Chimpanzees are smarter than humans. Orangutans are smarter than chimpanzees. Humans are smarter than chimpanzees. Which of these statements is true?
The question was answered this month in an investigation by an exceptionally productive group of scientists, many of whom are based at the Max Planck Institute in Leipzig. Published in Science, their project is remarkable for its comprehensiveness. For the first time, a large-scale, systematic three-way comparison of great apes using the same individuals has been carried out. One hundred and six chimpanzees, 32 orangutans, and 105 human children participated.
The findings provide a clear but complicated picture about the mental life of apes, all of us. Since they were released two weeks ago, they have been hailed as evidence of what makes humans unique, but their real value lies in how they demonstrate that you can't discover what makes us different without fully engaging in what makes us the same.
So, it turns out that the first statement is true. Chimpanzees are smarter than humans. In a task that required an understanding of causality, chimpanzees were better than humans and orangutans at using a stick to retrieve a reward. Also, the third statement is true. In other causality tasks where the subject has to work out whether a hidden reward produced noise and which properties of a tool were functional (or not), human children outperformed the other apes. Overall, when presented with an array of tests that tapped the ability to understand space and causality, chimpanzees and humans were typically either the best or equally good.
With respect to the same tasks, the second statement is not true. Orangutans came last. It's worth noting that humans and chimpanzees shared a common ancestor with orangutans about 14 million years ago, and it's possible that because the tests were devised by a chimp-like species, they were biased towards our capabilities. (Indeed, there is a saying among primate keepers that if you give a screwdriver to a chimp, it will throw it at someone. If you give a screwdriver to a gorilla, it will scratch itself. But if you give a screwdriver to an orangutan, it will let itself out of its cage.) All three species scored the same when tested for their understanding of quantity.
When the researchers measured social intelligence, the field changed completely. Although all three apes were skilled in understanding the nature of objects and manipulating them, humans were significantly better at understanding other minds (chimpanzees and orangutans were equal second). Communicating with and learning from other people, as well as understanding their intentions, is --- if not uniquely human -- then much more human than ape. Keep in mind, the human subjects in the experiment were only two-and-a-half years old so differences in social intelligence show up long before the influence of writing, math and a school education.

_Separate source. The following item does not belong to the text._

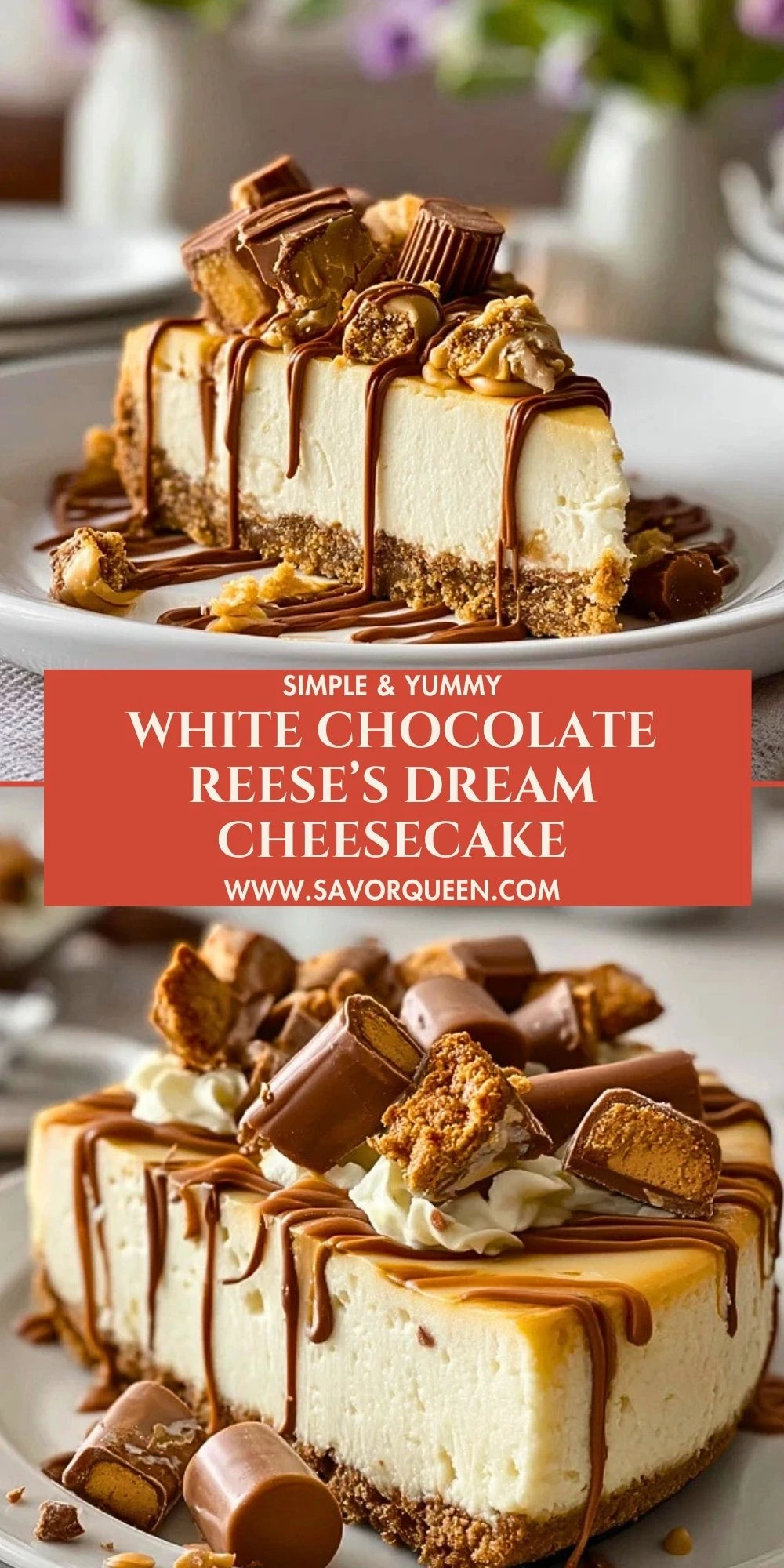 Go ahead and save this White Chocolate Reese’s Dream Cheesecake to your favorite Pinterest board so it’s waiting for you whenever a serious peanut butter‑and‑chocolate craving hits.

Once and for all, this investigation shows that when it comes to a comparison of the species, the idea of general intelligence -- a single dimension along which mental ability can be contrasted -- is not only a fraught concept, but a rigged one. It's like saying one animal is better-looking than another. The animal voted more attractive is guaranteed to be the one making the comparison in the first place.
Once you leave behind the idea that humans are always smarter than everything else, life gets a lot more interesting. That the two year olds were more or less the same in their understanding of the physical world as the chimpanzees will be a validation for all parents of young children. When your two-year-old magically appears on top of the kitchen bench in the one second that you looked away, the sense that he is more chimp than human is not far off the mark.

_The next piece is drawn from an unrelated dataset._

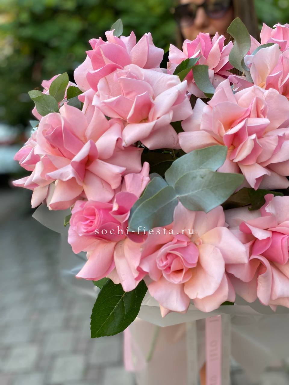 Семнадцать вывернутых роз открывают фактурную глубину лепестков и создают объемную композицию. Каждый бутон раскрывается по-своему, а эвкалипт добавляет воздушности общей форме.

What's really gripping about this sameness is that what the child and the chimp share are characteristic of the abilities of our common ancestor. If you ever wondered what proto-humans were like six million years ago, your own little strange little monster is in this respect a fairly good stand-in.
Obviously, if you're an animal lover, you will embrace the comparison laid out here, and most likely these findings will be used by groups who argue for extending ethical and legal rights to other great apes. Oddly, if you are an unrepentant speciesist, you are going to feel the same way.
In addition to the clever partitioning of physical and social knowledge along species lines, the real revelation of this work is the way it demonstrates how lining up different genomes side-by-side with different behavior is the only way to truly understand where we came from and what kind of animal we are. Such comparative work produces knowledge that is profoundly more deep than anything learned by examining humans alone.
If non-human apes go extinct (and by extension any other animal), there is much about our minds, our brains, and our evolutionary past that we will never know. Worse, there will be countless questions about who we are and where we came from that we won't even begin to formulate in their absence. You don't need to be some kind of Gaia-loving, pan-animal equalist to realize that the human world is enriched by investigations like this one.
Indeed, you can consider the biosphere as clinically as you like -- think of it as a free market, where the greater good is served when everyone follows their own self-interest. Even if your interest includes only your world, it is still in your self-interest that all thrive. No doubt, your concern for humans arises from the conviction that you are unique. It's true -- you are. But if you really want to know how special you are, the other apes have to stick around.